#Six Trends that Will Disrupt the Insurance Industry for Good
The insurance industry, which is presently pegged at USD 60billion, is expected to grow four folds in the next 10 year period
Last year, there was too much news buzzing around the insurance industry as multiple public-sector undertakings (PSUs) and private companies, such as HDFC Standard Life Insurance, New India Assurance, ICICI Lombard General Insurance along SBI Life and General Insurance Corporation issued Initial Public Offerings (IPOs) to list themselves at the stock market. The move clearly indicated that the industry means serious business.
The insurance industry, which is presently pegged at USD 60billion, is expected to grow four folds in the next 10 year period. With technology-driven innovation kicking in, sooner or later, this growth will be driven by a major industry disruption and the customer will be the final winner in this game. In a recent report, Deloitte listed five exponential trends that will drive this disruption in the industry:
Chatbots have been around the block for quite some time and all of us have been witness to its ups and downs. But soon with advances in cognitive technologies, Deloitte says, it will be possible to provide increasingly accurate and relevant automated dialogues.
Take the example of speech recognition software, which has made noted developments in reducing word error rates. Similarly, deep learning techniques have helped in machine translation.
“Improvements in speech and language processing technologies are making chatbots more capable, expanding their potential applications across the enterprise,” the report added.
Wearable technology is the new trend in the market and all thanks to the Internet of Things (IoT). In fact, as per IDC Asia, India's wearable market was up by 42% in the second quarter of 2016 — over 567,000 units of wearables were sold.
During a previous interaction with Entrepreneur India, Mohit Rochlani, Director (Operations & and IT) of IndiaFirst Life Insurance said IoT can be used more in the general insurance segment wherein Fitbit or any related device can be used to track the customer’s health and offer better rates.
Similarly, the report shares an example of Bajaj Allianz. The company recently launched DriveSmart device, which allows customers use pay-as-you-drive motor insurance policy and the product supported by telematics technology.
The gap between covering everything every time and precisely the risks faced at a certain moment called for a new product called on-demand insurance, the report shares. The product is driven either by need or an event.
One of the first players in the Indian on-demand insurance space is Fingoole. This insurtech provides travel-related covers such as missed flight, delay of checked-in luggage, bounced hotel booking, credit/debit card and personal accident during the trip.
Sharing economy as a concept has disrupted various sectors like transportation (carpool services) and B2B real-estate through co-working spaces. The concept is now all set to create a stir in the insurance industry and the new model is globally known as P2P insurance.
The report notes that the new insurance companies in the fast-growing P2P segment are using crowdsourcing and social networking to create a shared insurance experience, but one needs to wait and watch whether P2P insurance will work for the Indian market.

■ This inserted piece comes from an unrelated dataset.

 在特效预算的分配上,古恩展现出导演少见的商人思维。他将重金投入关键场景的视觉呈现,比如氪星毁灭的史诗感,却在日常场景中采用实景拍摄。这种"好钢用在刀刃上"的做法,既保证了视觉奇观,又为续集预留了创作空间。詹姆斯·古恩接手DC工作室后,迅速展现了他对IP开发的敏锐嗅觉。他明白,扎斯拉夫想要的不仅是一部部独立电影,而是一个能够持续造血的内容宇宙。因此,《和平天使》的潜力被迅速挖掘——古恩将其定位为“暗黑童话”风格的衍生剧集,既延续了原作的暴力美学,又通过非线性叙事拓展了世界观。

Internationally, some of the startups working in this space are Germany-based Friendsurance, France-based InsPeer, London, UK-based Guevara and New-York based Lemonade.
Chances are that you must read enough about blockchain and its potential uses. For those of you who are new to technology, blockchain is digital distributed ledger that can help companies detect frauds, save time and manpower, maintain e-records, etc.

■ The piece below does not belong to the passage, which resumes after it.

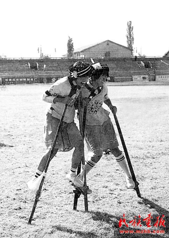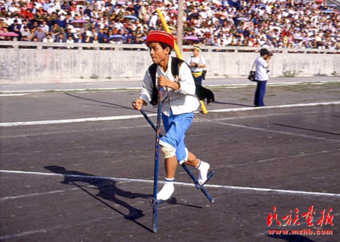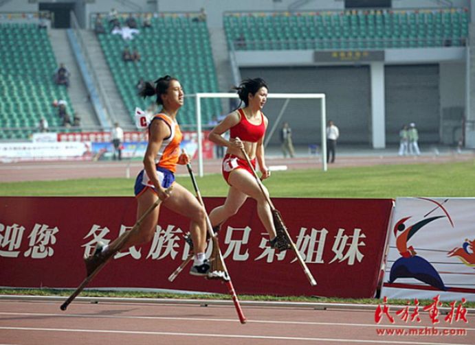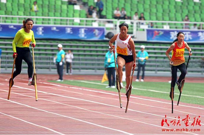 图为第八届全国少数民族传统体育运动会女子100米高脚竞速

Smart contracts powered by a Blockchain could provide customers and insurers with means to manage claims in a transparent, responsive and irrefutable manner, the report added. However, for blockchain to work, the community needs to partner and work together on a platform.
According to a Business Standard report, thirteen Indian insurance companies, which include HDFC Life, India First, IDBI Federal Life Insurance are creating a central repository of policyholder data, so that insurers need not repeat the registration procedure for multiple policies.
Robotic Process Automation
Traditional cost reduction mediums are not enough in today world and that’s when computer-coded, rule based software that are known to automate manual activities rule-based tasks come to the companies rescue
One of the common use case has been around accounting close, which is a rules-based process, conducted across multiple locations often requiring multiple handoffs, Deloitte pointed out.